Ken Morrow, a regular columnist for sister publication Cannabis Business Times and owner of cannabis R&D company Trichome Technologies, is a horticulture nerd at heart. In his experience, the cannabis and horticulture industries aren’t all that different — and could learn a lot from each other.
Greenhouse Management: What can the greenhouse industry learn from the cannabis industry?
Ken Morrow: I look [at] the reverse — I look at what the cannabis industry can learn from the production industry of large-scale greenhouse horticulture. In some ways, they are different, but in some ways, they are same. I tell people all the time about these three businesses in Wilcox, Arizona. They took over existing greenhouse space that used to belong to EuroFresh Farms — they were the largest greenhouses in the U.S. — and if you Google EuroFresh Farms and look at their history, you’ll realize that they filed for bankruptcy three separate times because they couldn’t stay bug- and disease-free. There are nuances with lighting spectrums and other things we don’t know. But we can learn from any indoor operation.
GM: What is currently driving growth in the cannabis market?
KM: I think the thing that’s driving [growth] most is extract. Seeing that rapid explosion of extract, whether it’s CO2, hydrocarbon or ethanol, there’s apparatuses out there that cost well over $1 million dollars. It wasn’t even 10 years ago that there wasn’t a single grower out there that could afford to buy something for $1 million, let alone that there was no legal avenue for an investor to invest in a company to give them the amount of money to buy that piece of equipment. And they didn’t have a large enough amount of cannabis to utilize that piece of equipment. Who would have thought that 80% — or even 90% — of the cannabis grown in 10 years will go to vape pens, cartridges and extracts? There’s very little market for [the cannabis flowers].
GM: How would you recommend greenhouse growers interested in learning more about the cannabis industry, or perhaps getting involved with it, start that process?

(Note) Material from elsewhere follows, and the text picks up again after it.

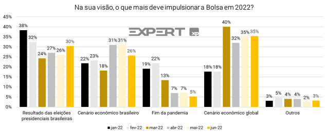 Em relação aos propulsores da Bolsa, na visão dos assessores, os maiores são: 1) cenário econômico global (35%, +0p.p. M/M); 2) resultado das eleições presidenciais (30%, +4p.p. M/M); 3) cenário econômico brasileiro (26%, -5p.p. M/M) ; 4) fim da pandemia (5%, -2p.p. M/M) e 5) outros (3%, +1p.p. M/M). Esses resultados mostram que os assessores estão atentos ao cenário internacional em relação ao que pode interferir no desempenho da Bolsa em 2022, mas também estão começando a olhar mais para o cenário interno, à medida que as eleições se aproximam.

KM: My girlfriend has a niece and the niece was training at a grow facility in Santa Cruz, California. She was very good, very hardworking and became very desired by certain people [in the industry]. And one of them could no longer employ her, so he introduced her to the people that run a company called The Proving Grounds. They are in the Eastern San Diego area and spent millions upon millions of dollars on their greenhouse. She had learned as much as she could, so she got to visit there. And she attended classes at the University of Arizona, where they have some greenhouse classes a few times a year that teach people real-world greenhouse growing — not with cannabis, but with plants. And that still applies. It’s not too different than learning about [horticulture production].